Te Water delves into the prevailing discourse that innovation and future predictions are the primary objectives of modern technology. In this empirical and modern world there exists a potential diminishing of the value of historical continuity, where observation and outcome-based theory take precedence over contemplation and tradition. Te Water suggests that the forgetfulness inherent in modernity contributes to a distorted perception of time and thought, leading to a dissonance between the perceiving subject and their surroundings. This dissonance is further heightened by the influence of digital media, which often presents information as an appealing or trending source of amusement rather than an opportunity for edification. The result of this dissonance and the impact of digital media manifests in thoughtless or repetitive actions and, in extreme cases, the abandonment of action altogether as individuals seek escape from reality. Te Water problematizes this situation, highlighting that constructive action for individual well-being is unsustainable with the current levels of engagement with digital technology. Building on the insights of Connerton (1989, 2009), Davidson (2004), and Habermas (1987, 1989), they explore how the diminishing historical continuity in thought can lead to manipulation and a lack of rationality (as is discussed by Horkheimer and Adorno through their culture industry thesis). Te Water proposes adopting an approach of continuity, embodied in the concept of "in medias res" (in the midst of things) in interpretation, as an alternative perspective to this problematic space. This rethinking may encourage individuals to take contextual action instead of attempting to escape action altogether as part of the advocation for a constructive and achievable perspective, rather than resigning to a problematic system of distraction and the increasing degradation of thought.
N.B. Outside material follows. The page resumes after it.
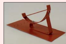
Laufroststütze Nr. 190 für Laufroste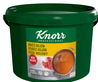
Hovädzí bujón 5 kg

A final paper, which falls outside the ambit of the foregoing three themes, links the discussion of the culture industry to a broader retheorisation of culture through environmental praxis. In their exploration of environmental threats to cultural resources amid the contemporary environmental crisis, Afolabi critically examines the oft overlooked assumption that culture inherently embraces change. They suggest that, if change is always a pervasive part of culture, one should be morally neutral about changes to cultural values and resources, especially when such change is harmful and external forces are responsible. In answer to this postulate and as arguing against a morally neutral stance, Afolabi employs a social constructivist perspective on culture that emphasizes the normative flaws in viewing the loss of culture during environmental crises as merely a form of cultural change. They urge that a reconsideration of the moral implications of cultural change concerning environmental issues is crucial, though this perspective has not been extensively explored in environmental justice literature. Afolabi asserts that failing to integrate this idea of environmental justice may lead to the dismissal of harm to certain cultural groups under the guise of 'normal' cultural change.

In conclusion, this special issue gathers together a broad range of theoretical approaches that address the pressing need for the analysis of the contemporary culture industry in the Global South and beyond. Through the lenses of the history and theory of Critical Theory (and African critical theory traditions), digital culture, and neoliberalism and its effects, as well as suggestions towards an environmental praxis, the culture industry of Adorno and Horkheimer is revisited. But not in a spirit of reverence, as if approaching a conceptual museum piece, but rather in the spirit of renewal and positive critique, in order to provide a diverse range of conceptual tools for future research in this area.